- _WHAT YOU HAVE TO DO_:
Your reply must contain the lines from the one with "關于中共中國科學院黨組第三巡視組巡視深海科學與工程研究所的公告" through the last line of the material, exact and complete, with no pictures and no other text.

- _DATA BELOW_:

-------

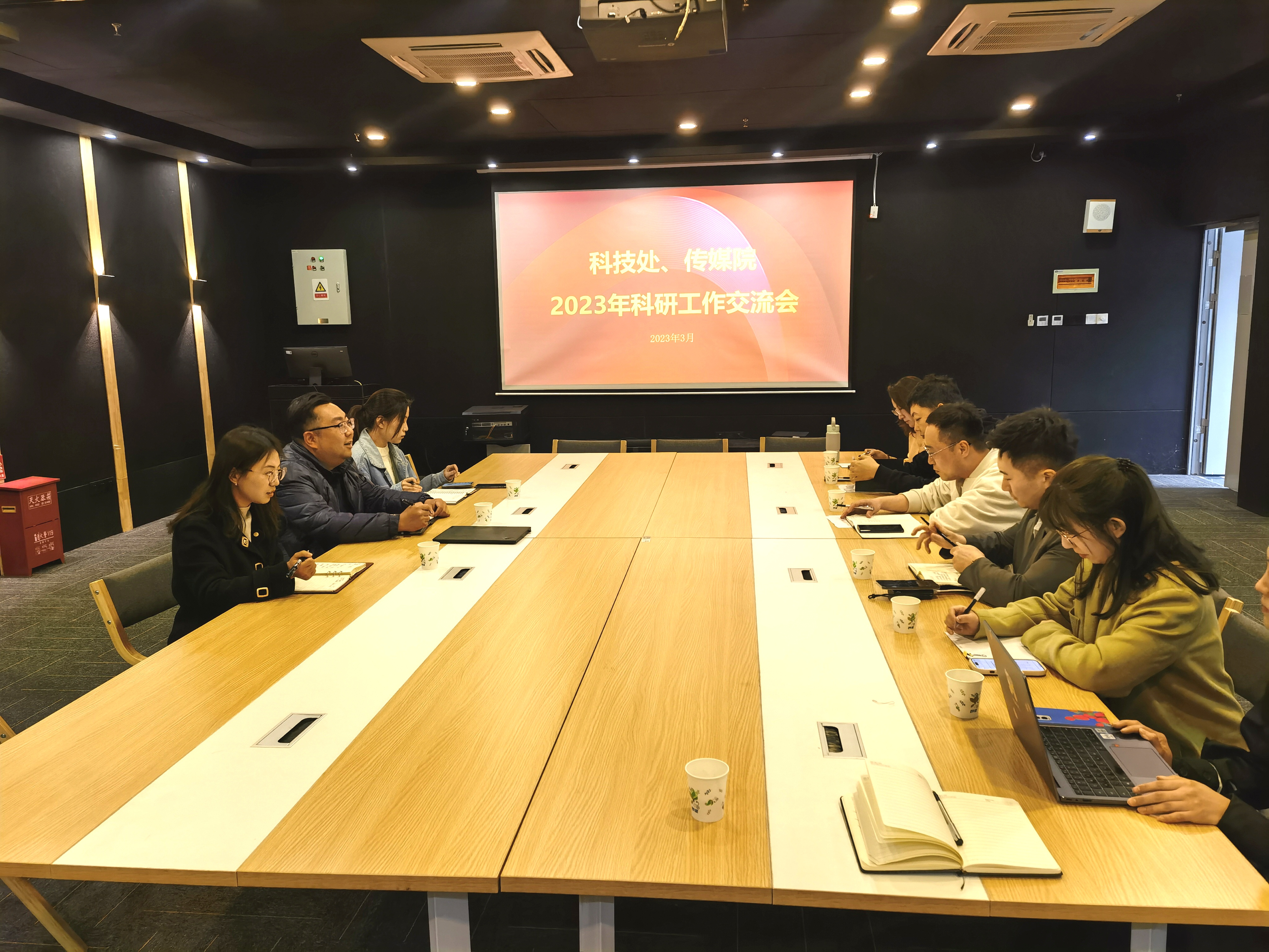 延星对传媒与艺术学院近期取得的科研工作成绩给予了充分肯定,并围绕学校产教融合“1+5”战略工程重点主题与学院主干教师就学院科研工作目前存在的主要问题及组织谋划科研项目和成果的具体举措展开了深入的探讨交流。
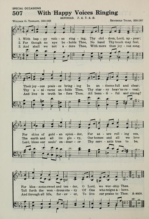 1 With happy voices ringing,
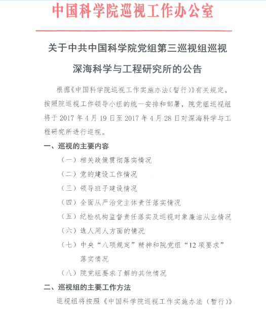 關于中共中國科學院黨組第三巡視組巡視深海科學與工程研究所的公告
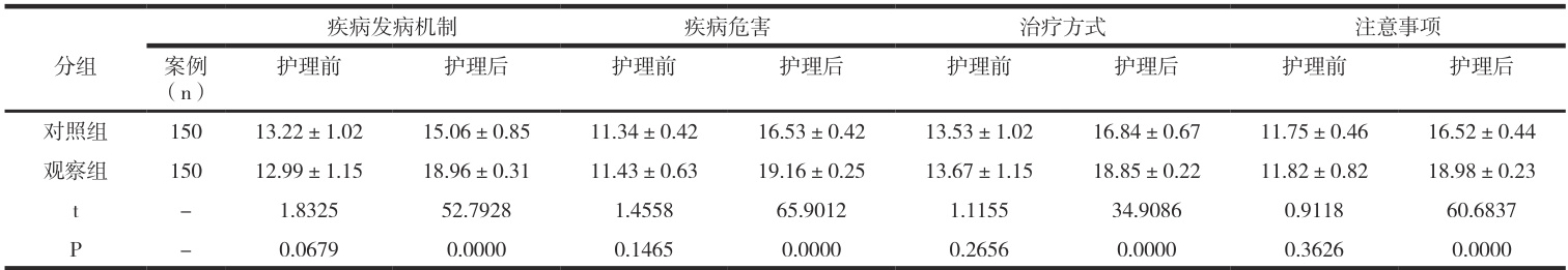 患者对于疾病发病机制、疾病危害、治疗方式、注意事项等方面认知进行评测,单项最高分设定为20 分,分值高、认知水平良好。

-------

- _RESPONSE TO THIS EXERCISE_:
 關于中共中國科學院黨組第三巡視組巡視深海科學與工程研究所的公告
 患者对于疾病发病机制、疾病危害、治疗方式、注意事项等方面认知进行评测,单项最高分设定为20 分,分值高、认知水平良好。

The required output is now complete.